C. AMENDMENTS TO GROUNDS FOR CHALLENGING ARBITRAL AWARD

The concept of “public policy” in Section 34 has been restricted, and an arbitral award can now be reversed only if it I was motivated or influenced by fraud or corruption; (ii) is contrary to India’s fundamental policy; or (iii) clashes with the most fundamental notions of morality or justice.

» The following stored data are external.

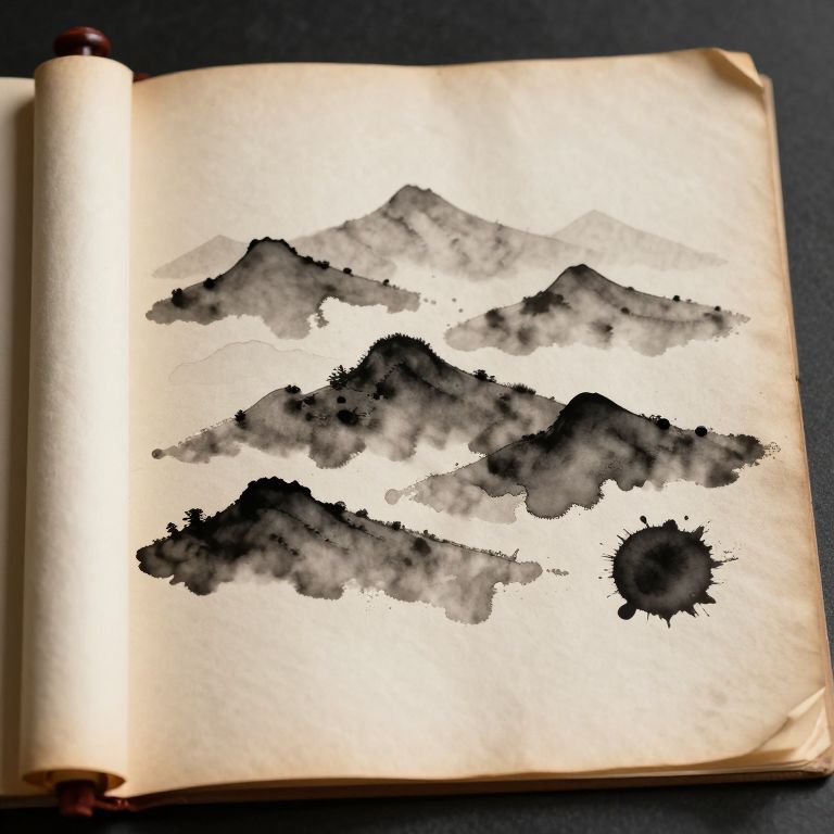A photograph of an open, aged sketchbook with a cream-colored, slightly yellowed page. On the page, there are five black ink splashes of varying sizes and shapes, resembling abstract mountain or cloud formations. The ink splashes are uneven and have a textured, organic appearance. The sketchbook has a brown, wooden binding visible at the top left and bottom right corners. The background is a dark, plain surface, contrasting with the bright page and black ink. The image has a realistic, detailed style, emphasizing the texture of the paper and the ink.
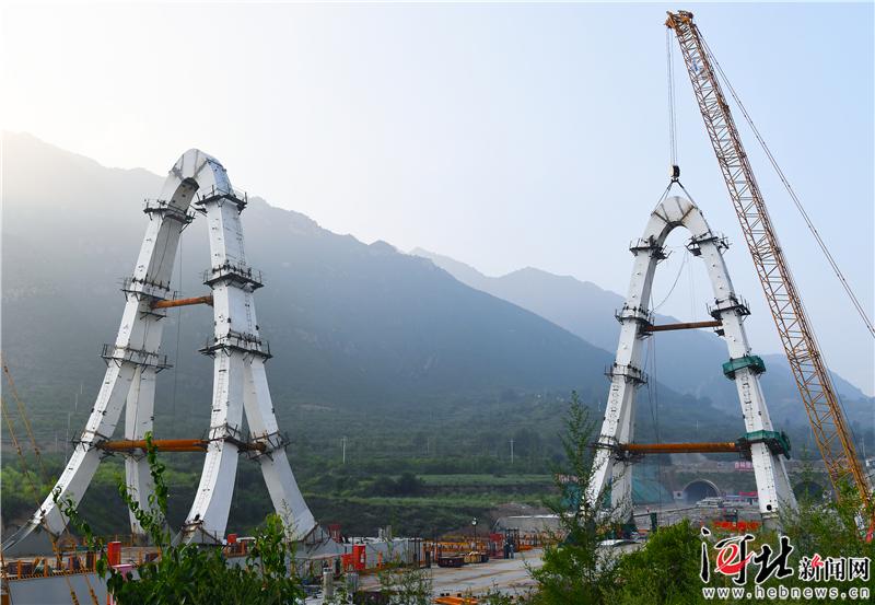 7月20日15時50分,延崇高速河北段GQ3標杏林堡大橋鋼索塔完成最后一個節(jié)段吊裝,標志著中鐵大橋局承建的延崇高速河北段GQ3標杏林堡大橋雙線主塔成功封頂,工程取得了關鍵性進展。據悉,杏林堡大橋為延崇高速項目的節(jié)點橋梁工程,是往返2022年冬奧會延慶和崇禮賽區(qū)的必經之路,鋼索塔輪廓形成門的造型,寓意“奧運之門”。延崇高速全線預計今年年底通車。 記者耿輝 通訊員孫慧軍攝影報道
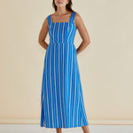 The Tegan Midi Dress offers a flattering fitted silhouette with a square neckline and shirred back panel for comfort. Crafted from a soft viscose blend, it features side splits and a midi length for elevated style. A classic, effortless dress designed for transeasonal elegance.
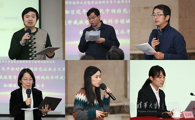 法学院副教授龙俊、人文学院副教授蔡文鹏、教务处副处长王巍、外文系副教授张叶鸿、人文学院助理教授袁先欣、马克思主义学院助理教授邓喆(从左到右、从上到下)分别代表各自小组作交流发言

In February 2015, the Law Commission submitted its Supplementary Report in response to the Supreme Court’s decision in ONGC Limited v. Western Geco International Limited5 (which extended the definition of “public policy” to include the Wednesbury principle of reasonableness, requiring a check on the validity of the arbitral award), which recommendations were adopted and enforced.

 

D. NO AUTOMATIC STAY OF ARBITRAL AWARD UPON FILING OF A CHALLENGE TO THE ARBITRAL AWARD

The Amendment Act stipulates that the arbitral award will not be automatically stayed, and that a separate application will be required to request a stay of the arbitral award. The court must now document reasons for granting a stay, and the rules of the CPC for granting a stay of a money decree have been made applicable, indicating that the losing party must now eit.

 

E. TIME BOUND PROCEEDINGS

The Amended Act sets shorter deadlines in order to boost the quality of the arbitration process. Section 24 has been modified to provide a proviso requiring the arbitral tribunal to conduct oral hearings for testimony and oral argument on a regular basis and not to grant any adjournments unless there is reasonable cause.The arbitral tribunal has been given the authority to impose heavy costs for adjournments that are not justified. The arbitrator(s) must make an award within 12 (twelve) months of receiving a written notice of appointment. The parties can agree to extend the time limit for a maximum of 6 (six) months.

 

F. FAST TRACK PROCEDURE

Section 29B has been added, which gives the parties the option of deciding on a fast track process in which the award must be made within 6 (six) months of the arbitrator(s) obtaining written notice of appointment. Without an oral hearing, the dispute will be resolved based on the parties’ written pleadings, papers, and submissions.

 

G. A NEW EXPANSIVE COST REGIME INTRODUCED

Section 31A has been added, giving the arbitral tribunal wide cost-awarding authority. The Law Commission Report’s recommendation for an expansive regime to award costs based on fair and reasonable criterion rules has been adopted. The arbitral tribunal has the authority to determine if costs must be charged, how much they must be paid, and when they must be paid.The clause also states that in most cases, the unsuccessful party would be ordered to pay the successful party’s expenses. The costs which include arbitrator, case, and witness fees and expenses, legal fees and expenses, organisation administrative costs, and any other costs incurred in connection with the arbitral or court proceedings.

 

H. DISCLOSURE REQUIREMENTS OF ARBITRATOR

The disclosure provisions in the Amendment Act are based on the IBA Guidelines on Conflict of Interest in International Arbitration. The Fifth and Seventh Schedules have been introduced as a guide to deciding conditions that would make an arbitrator disqualified.

 

I. CAP ON FEES TO ARBITRATOR

The Fourth Schedule was implemented to include model payments in cases other than international commercial arbitrations and in cases where parties have agreed to the rules of an arbitral institution, in order to prevent the arbitration process from being too costly.Section 11A (2) has been introduced which details the procedure for Central Government to amend the Fourth Schedule.